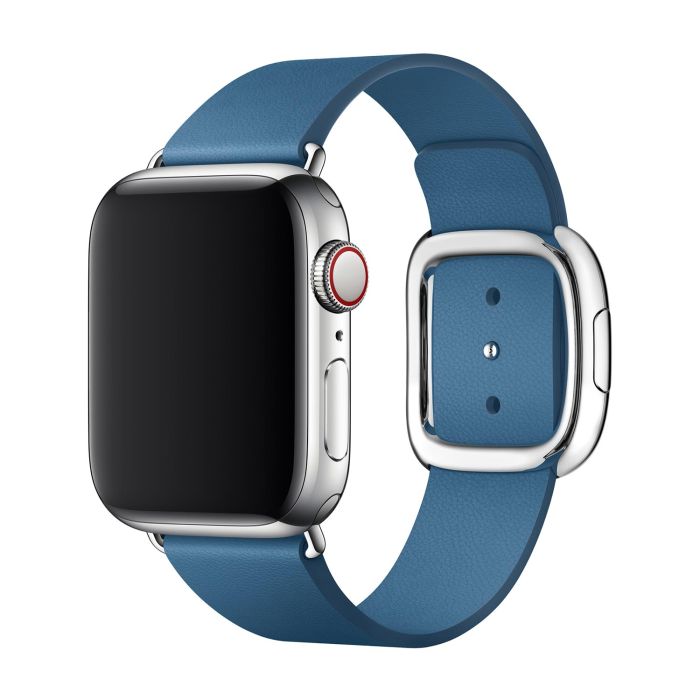 Bracelet Apple en cuir avec boucle moderne pour Apple Watch dans la couleur Cape Cod Blue.
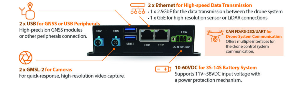 NVIDIA® Jetson Orin™ NX SoM w/ 2 x GMSL / 1 x CAN FD / 1 x UART Lightweight AI Drone Computer
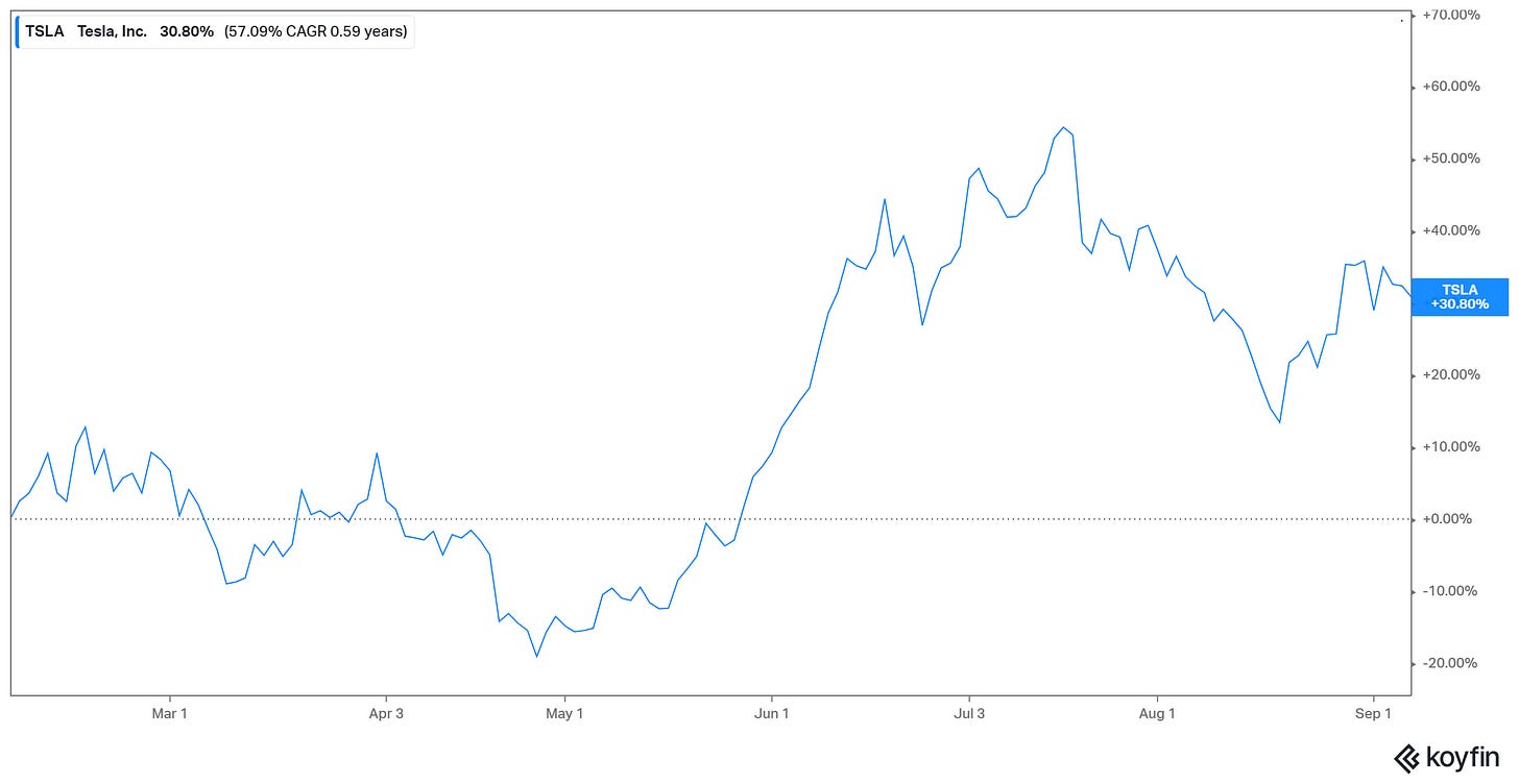 Of course, that hasn’t hurt the stonk (yet). Tesla has been lumped into the AI bubble and Mag7.
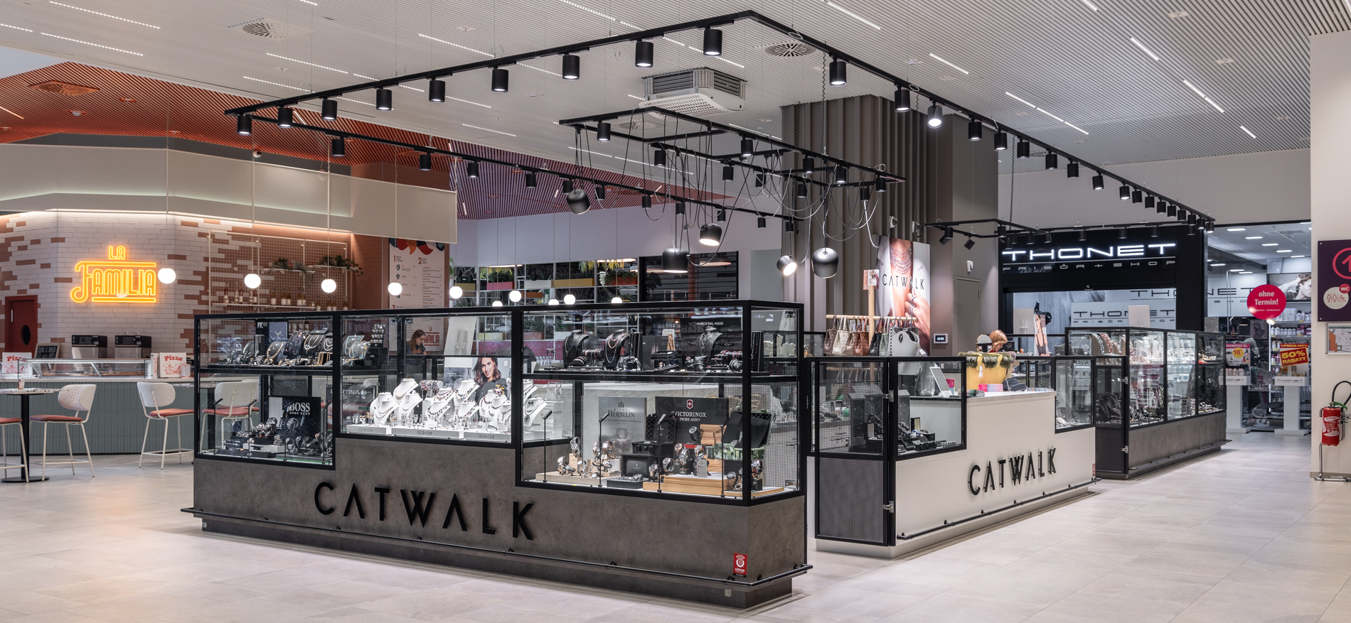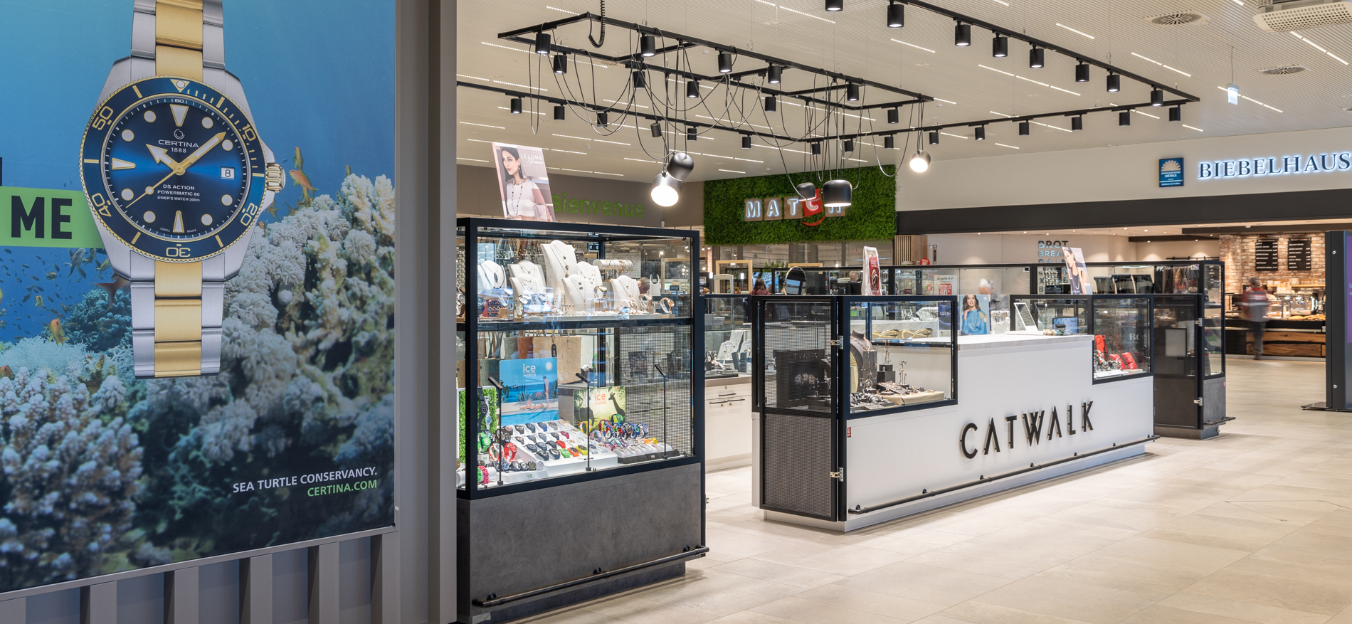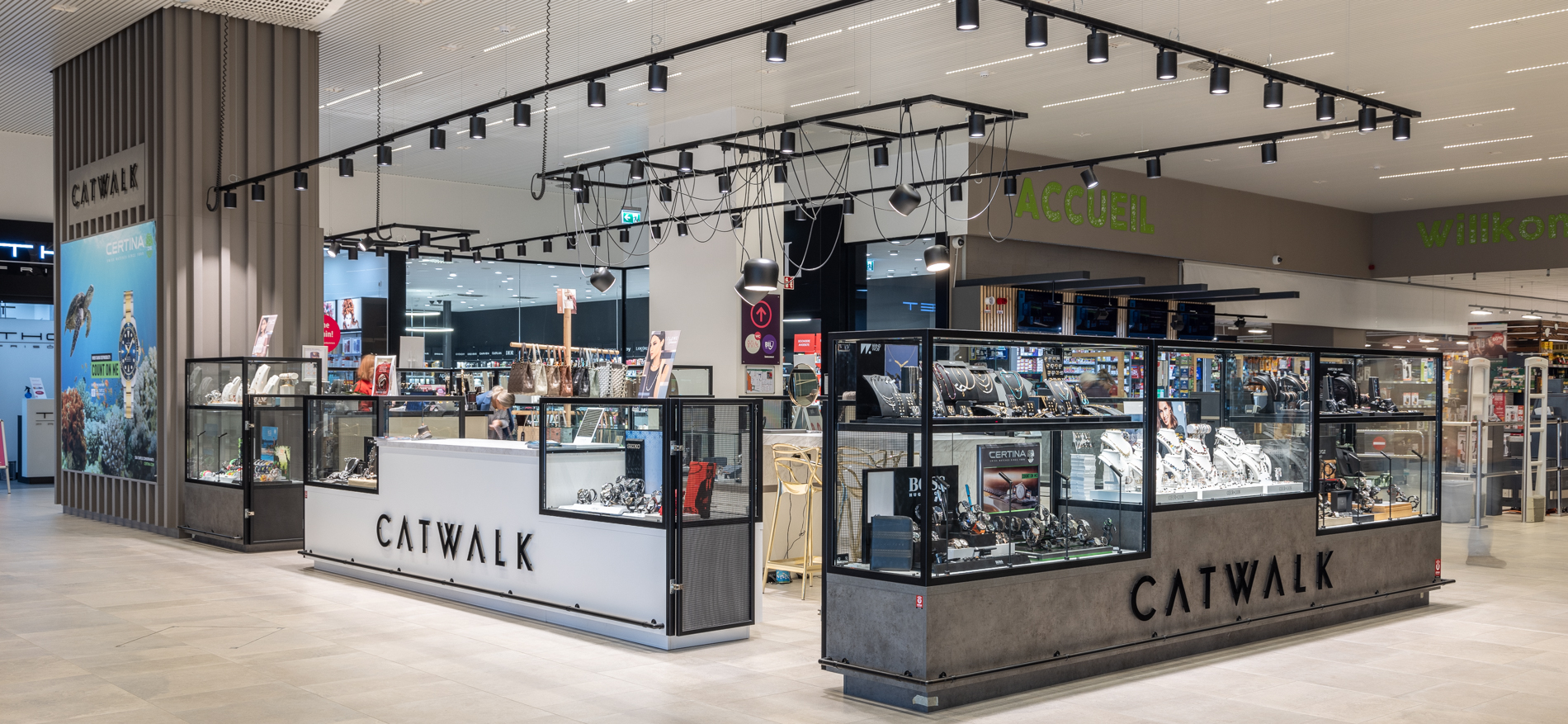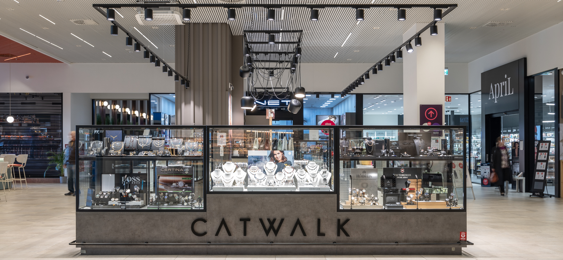 Das Copal Shopping Center in Grevenmacher stand vor einer Komplettsanierung. Davon war auch der Juwelier CATWALK (von Juwelier Hoffmann) betroffen, der dort seit Jahren mietete. Roxanne und Jeff, die nächste Generation bei Hoffmann, beauftragten WSB mit der Umsetzung eines außergewöhnlichen Konzepts mitten im Einkaufszentrum.

::::

▸ **PROBLEM TO WORK ON**: Exact reproduction is required. Output only the lines from the one with "Of course, that" through the end of the listing above, both ends included, and no pictures.

▸ **SOLUTION TO THE PROBLEM**:
 Of course, that hasn’t hurt the stonk (yet). Tesla has been lumped into the AI bubble and Mag7.
 Das Copal Shopping Center in Grevenmacher stand vor einer Komplettsanierung. Davon war auch der Juwelier CATWALK (von Juwelier Hoffmann) betroffen, der dort seit Jahren mietete. Roxanne und Jeff, die nächste Generation bei Hoffmann, beauftragten WSB mit der Umsetzung eines außergewöhnlichen Konzepts mitten im Einkaufszentrum.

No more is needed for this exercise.